The set of applications that users wish to run will likely run under a two or more different major OS revisions (e.g. Linux kernel 2.4 versus 2.6 or Windows XP versus Vista);
Similarly, there are applications that steadfastly refuse to run under a specific patch level. For example, a minor revision of the Linux kernel that is lacking a specific security patch might be required. You might be able to force the software to install but then the software is likely to no longer be supported;
Off-the-shelf installations which seek to upgrade rather than coexist with a previous version;
Custom software that expects a very specific behavior from a package that has changed in its most recent update;
Software which requires particular kernel tuning which is not appropriate for general operation; and
Software packages which have 32/64-bit library compatibility issues;

Meanwhile, grid managers will most likely be focused on providing a stable, secure, and easy to maintain infrastructure that is both cost-effective and capable of meeting the users’ core requirements. Clearly the priorities between the individual groups and the support team will be at odds much of the time.

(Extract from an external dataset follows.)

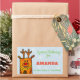 Funny reindeer Christmas holiday gift sticker for children. Christmas present special delivery sticker - personalize the sticker with your text and child`s name. Do not open til Christmas - you can change or erase it. The sticker has a funny deer drawing - deer with red nose and a small bell. The background is pale blue with beautiful white snowflakes in different sizes and shapes. Make your Christmas gifts for kids special with this funny and cute holiday present sticker. Kids will love it.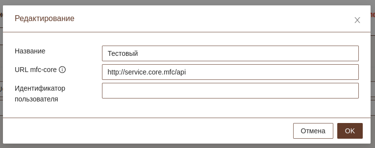 Для добавления необходимо указать название, которое пользователь должен назвать для выбора. Название необходимо указывать в соответствии с муниципальными образованиями, где установлен сервер МФЦ. В поле URL mfc-core необходимо указать адрес сервера mfc-core в соответствии с форматом поля Адрес сервера с API из общих настроек МФЦ.

The most elegant solution to these issues is to build a grid whose execution environments are all virtualized. In this situation, each usage pattern would have its own environment tailored to its own unique needs while the core OS would be under the complete control of the infrastructure staff. Clearly there would be a stakeholder driven set of virtual servers available for use on each node in the grid.

It seems simple enough: rather than creating a complicated infrastructure that will not accommodate all of the situations your users will require, you simply will give them their own isolated operating environments. As you might expect, nothing is that straightforward. The standard tools that you use for grid and virtualization management do not work well in this architecture.

In future posts, we will explore the challenges and possible solutions in detail. In particular we will focus on:

- Networking
- Virtual Server Management
- Job Scheduling
- Performance Monitoring
- Security
- Data Lifecycle

Friday, October 5, 2007

Scripting Grid Engine Administrative Tasks Made Simple

By Sinisa Veseli

Grid Engine (GE) is becoming increasingly popular software for distributed resource management. Although it comes with a GUI that can be used for various administrative and configuration tasks, the fact that all of those tasks can be scripted is very appealing. The GE Scripting HOWTO document already contains a few examples to get one started, but I wanted to further illustrate the usefulness of this GE feature with a simple example of a utility that modifies shell start mode for all queues in the system:

#!/bin/sh

# Utility to modify shell start mode for all GE queues.
# Usage: modify_shell_start_mode.sh 
#  can be one of unix_behavior, posix_compliant or script_from_stdin

# Temporary config file.
tmpFile=/tmp/sge_q.$$

# Get new mode.
newMode=$1

# Modify all known queues.
for q in `qconf -sql`; do
# Prepare queue modification.
echo "Modifying queue: $q"
cmd=”qconf -sq $q | sed 's?shell_start_mode.*?shell_start_mode $newMode?' > $tmpFile”
eval $cmd

# Modify queue.
qconf -Mq $tmpFile

# Cleanup.
rm -f $tmpFile
done

Using the above script one can quickly modify the variable for all queues without having to go through the manual configuration steps.

The basic approach of 1) preparing new configuration file by modifying the current object configuration, and 2) reconfiguring GE using the prepared file, works for a wide variety of tasks. There are cases, however, in which the desired object does not exist and has to be added. Those cases can be handled by modifying the EDITOR environment variable and invoking the appropriate qconf command. For example, here is a simple script that creates set of new queues from the command line:

#!/bin/sh

# Utility to add new queues automatically.
# Usage: add_queue.sh   …

# Force non-interactive mode.
EDITOR=/bin/cat; export EDITOR

# Get new queue names.
newQueues=$@

# Add new queues.
for q in $newQueues; do
echo "Adding queue: $q"
qconf -aq $q
done

Utilities like the ones shown here get written once and usually quickly become indispensable tools for experienced GE administrators.